Hacker News new | ask | show | jobs
by commandlinefan 2135 days ago
> engineer arrogance

And this is the twilight-zone reality that software developers are forever stuck in:

Manager: "I need you to integrate the TPS reports with JIRA for a client"

Developer: "Ok, I can look into that"

Manager: "How long is that going to take? Put some story points on the JIRA task."

Developer: "Well, I've never done that before, so I'll have to do some research and I can't really say for sure-"

Manager: "I need you to say for sure. Knock it off with your engineer arrogance and suck it up and help your colleagues. I'm so sorry that I pulled you out of your 'deep flow' state but we're trying to reach our goals here"

Developer: (heavy sigh) "Well, a week maybe? If I can focus on just this and not all the other things I'm currently tasked with-"

Manager: "No, subtask it out to individual tasks of no more than four hours each.
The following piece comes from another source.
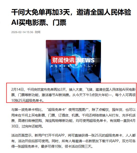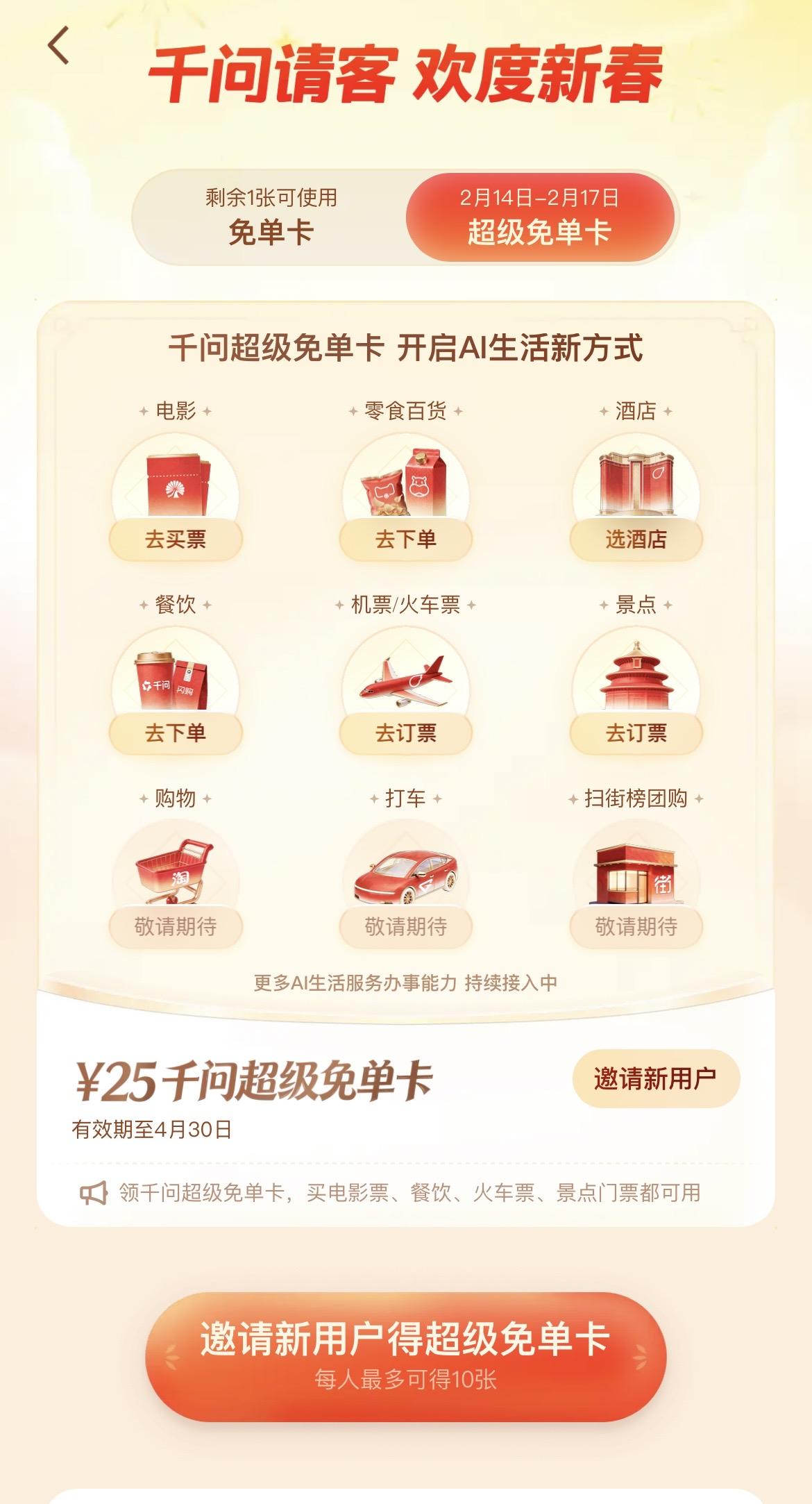 今年的春节,千问真是惊喜不断,免单再增加3天 前几天,千问官宣发起春节攻势,请全国人民喝奶茶,给每人最高21张免单卡,直接就点燃了消费。 那几天,朋友之间讨论,出现次数最多的词语就是“千问”,领免单卡成了大家的“头等大事”。 让人万万没想到的是,前一波热潮还没完全过去,千问新一轮攻势又来了,再免单三天,推出超级免单卡。 说实话,我是真没想到,千问这手笔真是爱了。 仔细看了下,这一次的超级免单卡延续了上一波大方的特点。 而且超级免单卡可以使用的范围变得更广了,可以AI订餐、买零食、订酒店、订电影票等等都能使用。 听说未来千问还可能可以上淘宝、打车、充话费等等。 一句话,生活中的吃喝玩乐,但凡要用到钱的,感觉千问超级免单卡都能使用。主打的就是一个你消费我请客! 而且大家也不用担心没时间用,因为这次超级免单卡有效期到4月30日,也就是还有两个多月的时间让你去用,安心抢就对了。

And you'll need to spend an hour every day in a status meeting so you can spend five minutes updating the status of your subtasks and listening to everybody else's unrelated statuses".

3 comments

I believe that this kind of work environment must exist, because it's such a strong trope, but honestly I've never really worked in a place like this. I'm sorry for people who do, and who feel stuck there. Not all software engineering is like this.

But if I had a work environment like this, I would be blaming management, and not Jira.
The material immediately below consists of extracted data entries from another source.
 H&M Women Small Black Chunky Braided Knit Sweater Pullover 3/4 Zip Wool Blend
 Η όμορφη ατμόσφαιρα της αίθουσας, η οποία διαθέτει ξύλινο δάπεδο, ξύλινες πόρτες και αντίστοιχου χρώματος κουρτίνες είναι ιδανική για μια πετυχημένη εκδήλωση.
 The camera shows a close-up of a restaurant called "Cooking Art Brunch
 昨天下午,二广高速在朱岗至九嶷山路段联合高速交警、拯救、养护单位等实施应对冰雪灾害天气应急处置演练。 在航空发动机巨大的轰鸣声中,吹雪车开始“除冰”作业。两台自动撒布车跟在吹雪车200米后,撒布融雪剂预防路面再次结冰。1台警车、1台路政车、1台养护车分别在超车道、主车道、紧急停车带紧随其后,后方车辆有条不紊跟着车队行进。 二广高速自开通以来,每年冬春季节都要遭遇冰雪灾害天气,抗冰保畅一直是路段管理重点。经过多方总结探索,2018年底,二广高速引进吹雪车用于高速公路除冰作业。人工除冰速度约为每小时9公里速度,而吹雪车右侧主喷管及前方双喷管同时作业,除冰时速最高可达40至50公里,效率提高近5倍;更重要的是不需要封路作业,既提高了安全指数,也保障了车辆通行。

And I should have been clear: not many engineers are actually "how dare you interrupt me, I'm an ENGINEER" types, in my experience.

But I guess I've seen enough blog posts that are so precious about being a software engineer, and so (perhaps unintentionally) dismissive of other people in the org who are also trying to do their jobs, that I probably got triggered a little.

I've never seen a manager operate like that and if yours does then you should look into moving.
Maybe I've had a 30-year string of bad luck.
Considering the litte morality play you typed out includes the exact "developer arrogance" and "flow state" quotes from the OP, I'm guessing this is an exaggeration in anger and it's impossible to argue with until you provide a non-exaggerated example of your 30-year work environment.
> and listening to everybody else's unrelated statuses

This so much. Status meetings tend to follow the org's structure, which is not necessarily logical.

Yes, it is occasionally helpful to listen to something completely unrelated if you have a better perspective. But every day? Waste of time.